Still, Millie persisted. For Father's silence unnerved her.

Asking Harwood what news he had of Thurston, and Harwood now glanced up at her, and scowled, saying he hadn't seen Thurston in a long time.

Since March, maybe.

Maybe February.

“Why ask me of Thurston?—I don't know God-damn nothin' of Thurs-ton.”

Chewing as he spoke, sarcasm like pulpy food in his mouth.

Millie began to say, hadn't he just now spoken of Thurston?—blaming bad luck on Thurston?—but, seeing the blood-blackened look in her brother's face, shrank back in silence. A pretty fair-haired princess of a girl is no match, even in Muirkirk under Father's watchful eye, for a “roughneck” American youth like Harwood.

Still, Abraham Licht had not spoken.

For he knew. He knew. He knew.
Owing to a stupid blunder of the least talented of my sons . . .

Harwood, seeing how everyone watched him, with a bold, fearful look at his father, began to snort with laughter, saying maybe Thurston
eloped with his fancy lady, maybe they were on their honeymoon, sailing the high seas to Baby-lon, or Mad-a-gask-kaw, wherever you go on your honeymoon, maybe nobody would ever hear of Thurston again: how's it Harwood's fault?

Wheezing-snorting laughter. Suety juice trickling down his chin.

Seeing Father's expression, he fell silent. Fumbled for his fork, which clattered to the floor.
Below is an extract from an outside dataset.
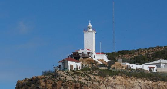 Taken on holiday in Mossel Bay, South Africa, May 2009

Jesus he was tired suddenly. So tired.

Nearly collapsing as Elisha, quick on his feet, helped him from the table. With a glance at Father, for Elisha and Father are close as Siamese twins it sometimes seems, their brains a single circuit, surely they share identical thoughts, but Father was occupied in lighting his cigar, face like stone. Elisha and Katrina helped Harwood to his room, Harwood's spiky-haired head lolling on his shoulders, knees buckling, half-sobbing he was saying O Jesus O God so tired, wasn't his fault not his God-damned fault . . . nobody could blame him.

Abraham Licht succeeded in relighting his cigar, and tossed down the match onto the table.
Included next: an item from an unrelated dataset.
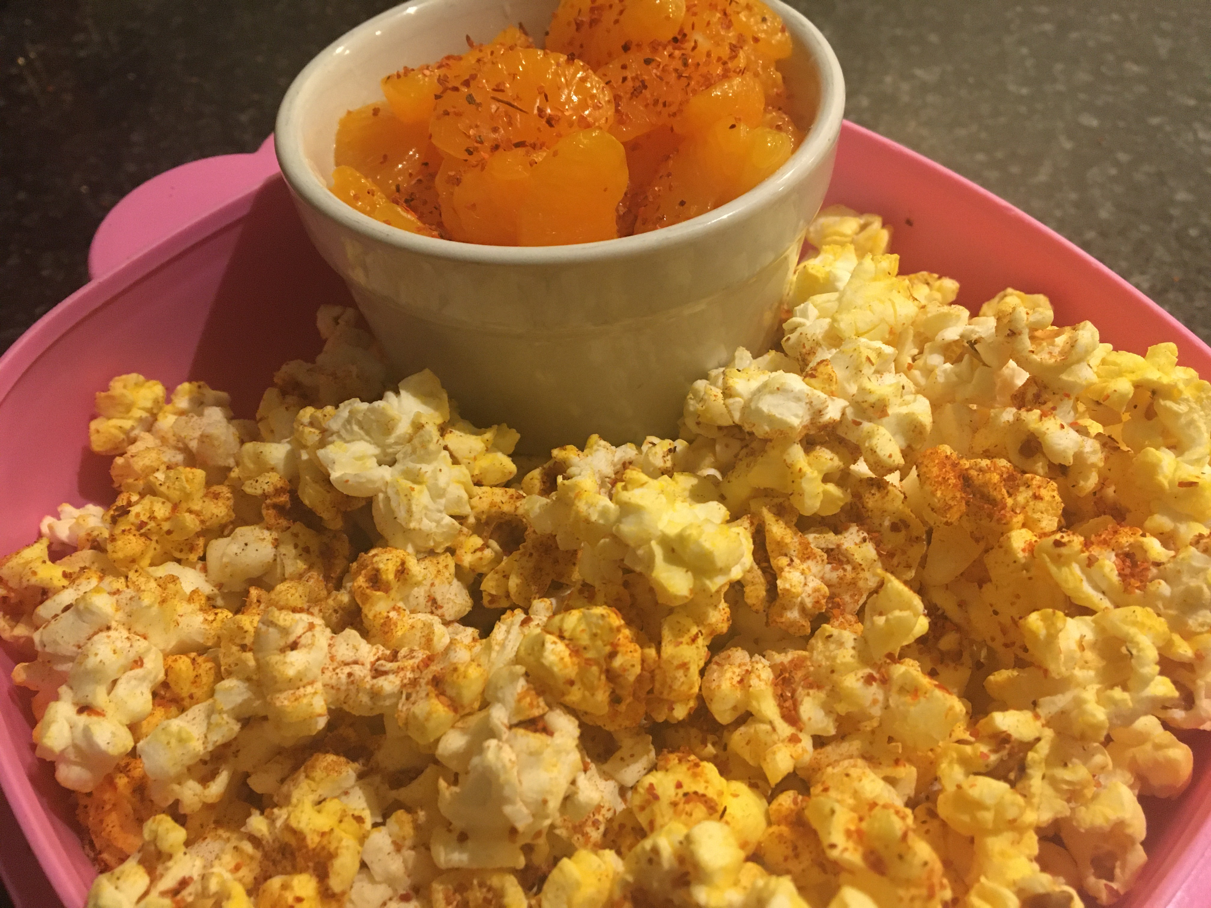 Mandarin oranges in a bowl of popcorn, both sprinkled in Tajín powdered seasoning.

Esther whispered, “That isn't him . . . is it? Who is it?”

THE BOY HAD
committed an evil act, yes, but more reprehensibly he'd lied to his father.
He'd lied to Abraham Licht.

He hid his distress. That kick of his heart. Murderous rage.

Yet: it could not be rage. For Harwood with all his imperfections was a Licht, unmistakably; flesh, blood and bones; though his elder sons' mother had betrayed Abraham Licht long ago and he would never forgive her, yet Abraham Licht loved them as much as he loved the others.
For that is my vow. As I am their father.

So next day when finally Harwood crawled from bed, still unshaven, unbathed, smelling rank as a horse, beset by spasms of nausea, but unable
to vomit, Abraham Licht called him into the room at the rear of the house that was Abraham Licht's “rectory”—his office and library, containing stacks of files, and boxes of documents and correspondence, and a three-foot safe with a combination dial. Bluntly he asked, “All right. What has happened between you and Thurston?”

Harwood said quickly, with a guilty duck of his head, “What—what d'you mean, Father? Has something happened—?”

“Tell me.”

Harwood, groggy from his stuporous sleep, steadied himself against a chair. His greasy hair fell in quills into his face and he brushed them back nervously. His puffy lips twitched in a kind of smile. “Did I say last night I saw Thurston?—because I don't guess I did. It was a mistake if I did. I mean—if I said I did.”

“Harwood. I've asked you if something has happened between you and Thurston.”

Harwood shook his head like a baffled dog.